UK inflation climbed to 2.2% in July, bouncing above its 2% target reached in May and June this year.
July’s reading represents the first time in over a year that the CPI inflation figure was larger than the month before.
The increase follows the Bank of England’s decision to cut interest rates by 25 basis points to 5% on 1 August. The Monetary Policy Committee voted 5-4 in favour of the cut.
The Office for National Statistics pointed to housing and household services as the largest factor in inflation growth, with gas and electricity prices falling less than the previous year.
Neil Birrell, CIO at Premier Miton Investors and lead manager of the Diversified Fund range, said: “Overall, year on year inflation was still up a little last month, but that was a known effect of historic energy prices. The good news is that it came in below expectations, driven by a bigger than expected fall in services inflation in July.
“That gives hope that the Bank of England can continue to ease policy even in the face of other strong data in the jobs market. The UK economy looks to be in good shape compared to others globally.”
Services year-on-year inflation dropped from 5.7% to 5.2% in July, a figure that has remained sticky this year as other areas fell.

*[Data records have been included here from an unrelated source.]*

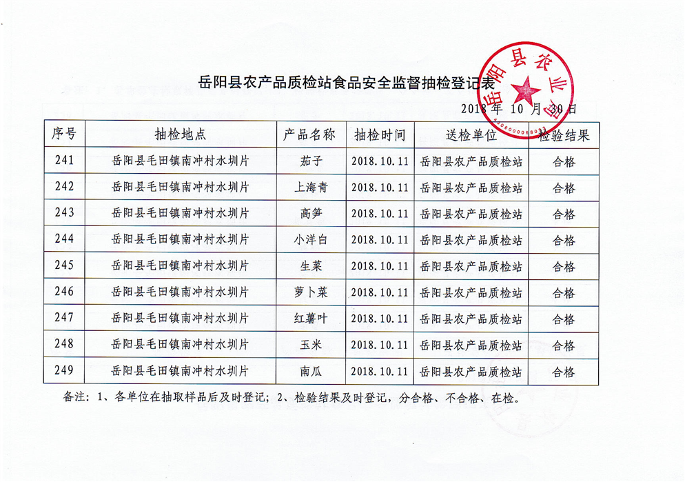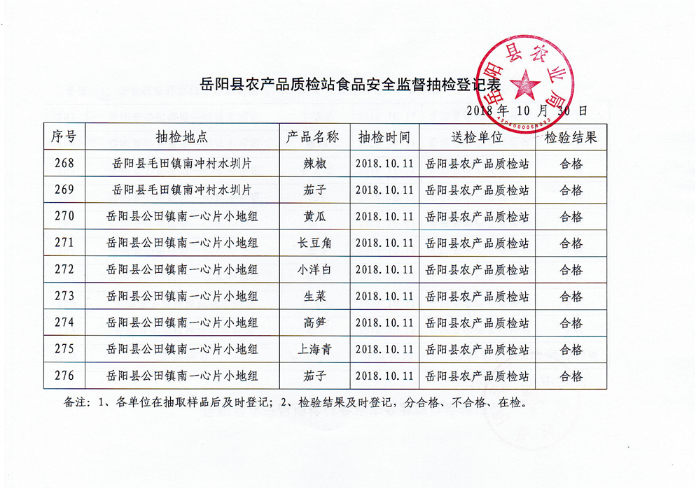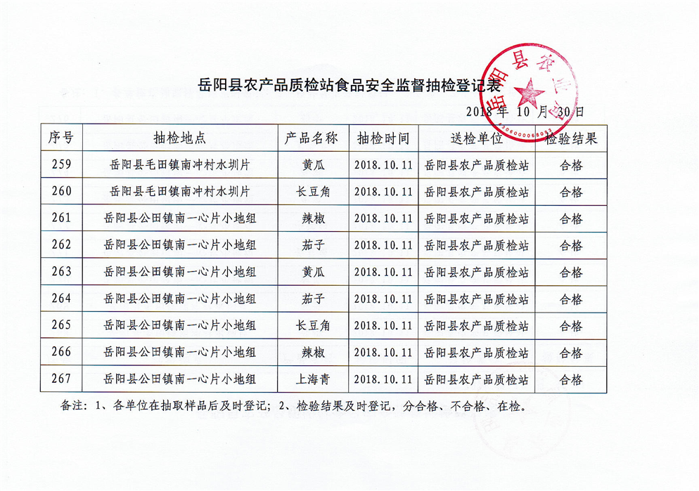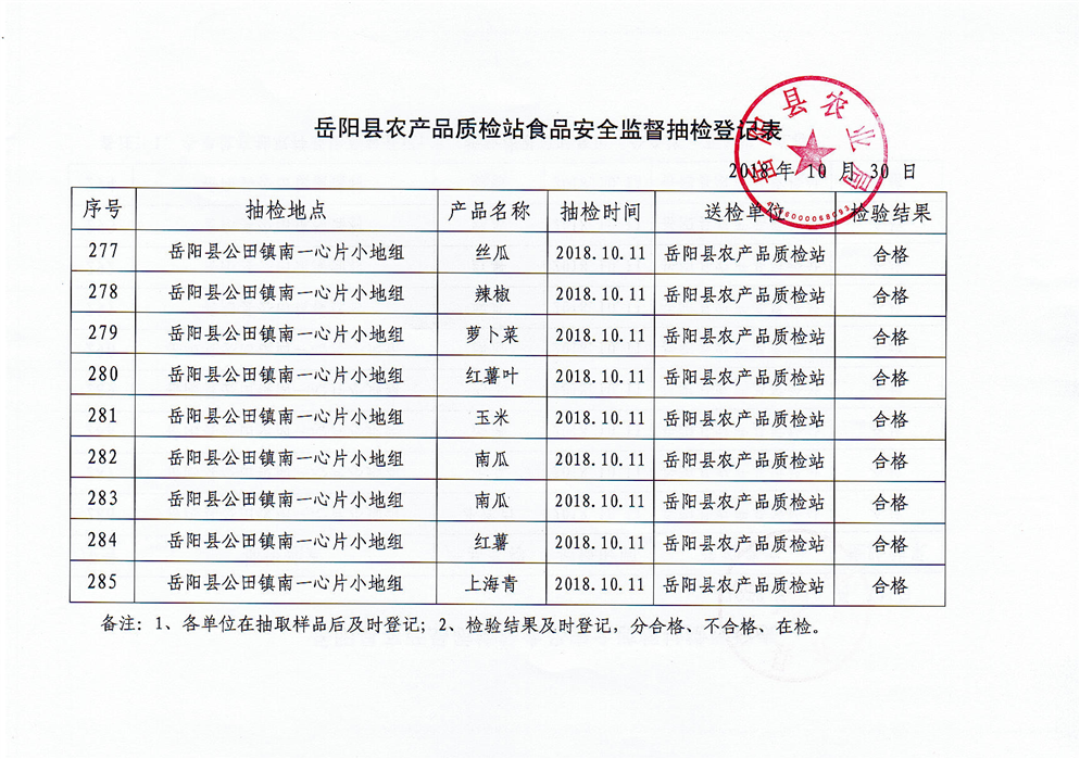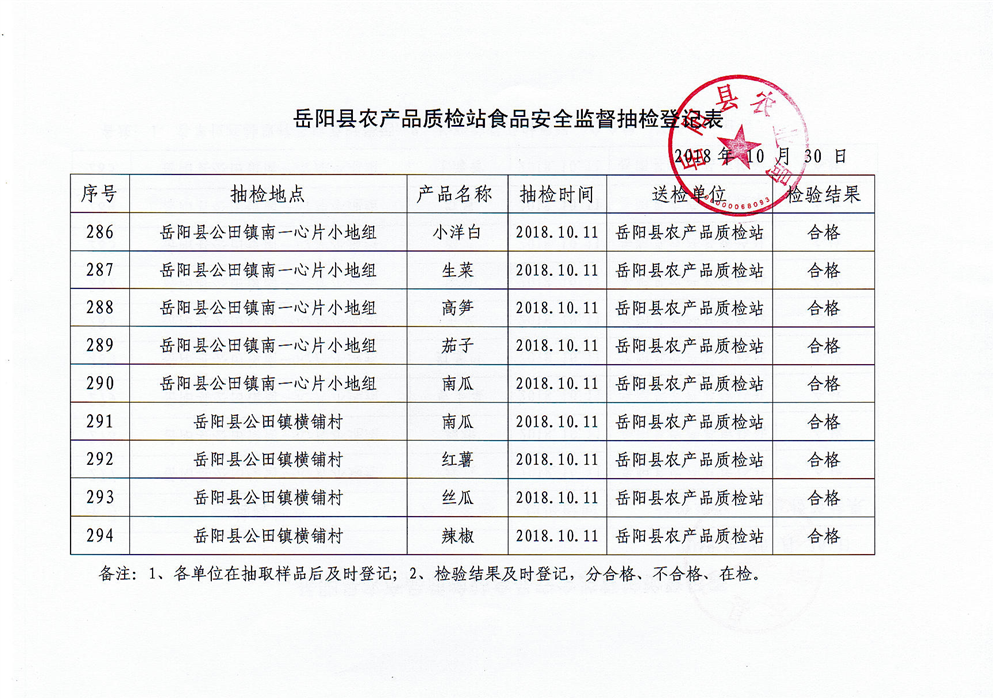嶽陽縣農產品質檢站食品安全監督抽檢登記表4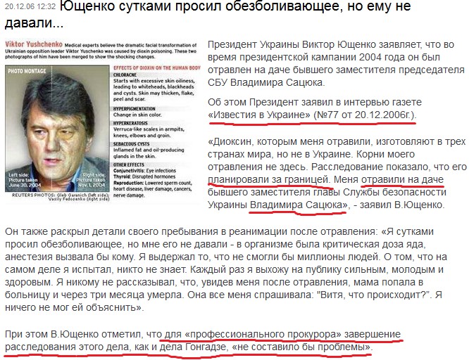 Следственная группа, которая расследовала отравление Виктора Андреевича (на тот момент кандидата в Президенты), рассматривала все версии – начиная от абсурдных, которые обожают сторонники ПР: никакого отравления не было или же Ющенко согласился принять диоксин, чтобы вызвать сочувствие у избирателей и уже наверняка выиграть президентские выборы.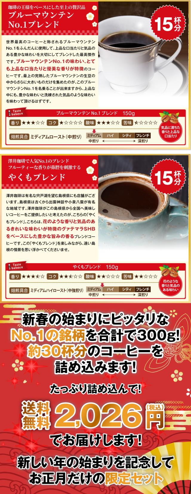 初売り 焙煎したて コーヒー豆 300g お試しセット 送料無料 メール便 150gx2袋 コーヒー専門店 30杯分 飲み比べ ブルーマウンテンNo.1ブレンド やくもブレンド 澤井珈琲

Luke Bartholomew, deputy chief economist at abrdn, also maintained optimism in face of the inflation data and lessening figures for services.

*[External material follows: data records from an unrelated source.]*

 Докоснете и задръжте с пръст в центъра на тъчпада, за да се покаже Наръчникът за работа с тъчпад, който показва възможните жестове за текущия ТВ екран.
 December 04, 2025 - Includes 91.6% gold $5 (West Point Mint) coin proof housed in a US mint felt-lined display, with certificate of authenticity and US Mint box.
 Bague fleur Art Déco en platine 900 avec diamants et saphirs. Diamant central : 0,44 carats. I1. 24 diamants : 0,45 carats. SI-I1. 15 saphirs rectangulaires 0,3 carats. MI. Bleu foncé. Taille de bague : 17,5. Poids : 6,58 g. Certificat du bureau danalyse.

“Despite the pick-up in headline inflation, this report represents welcome news for the Bank of England. The move back above the 2% target was always likely given energy base effects, and in fact the rise was slightly smaller than expected,” Bartholomew said.
“More importantly, measures of underlying inflation pressure look to be softening, with services inflation in particular coming in well below expectations. This should help reassure some policymakers that inflation pressures are proving slightly less persistent than feared. After yesterday’s solid labour market report, the Bank will not be in any hurry to cut rates again immediately, but the ongoing slowing in inflation pressure means there is certainly scope for at least one more rate cut this year.”
As rate cuts continue to be priced in for 2024, Ed Monk, associate director for personal investing at Fidelity International, cautioned the “wider picture”, despite the cuts typically being seen as positive for the stock market.
“Rates are coming down because there is less momentum in the economy. The Bank of England has begun to ease monetary policy and will be watching growth data closely for signs of a more sudden slowdown that could accelerate the timetable for rate cuts,” Monk said.
“As rates fall cash will become less attractive. Many investors have sought the safety of cash deposits this year as rates have stuck above the rate of inflation, but they may be forced to reassess as interest rates falls. Bonds, which have disappointed for some time, may become more attractive if cuts come through more quickly.”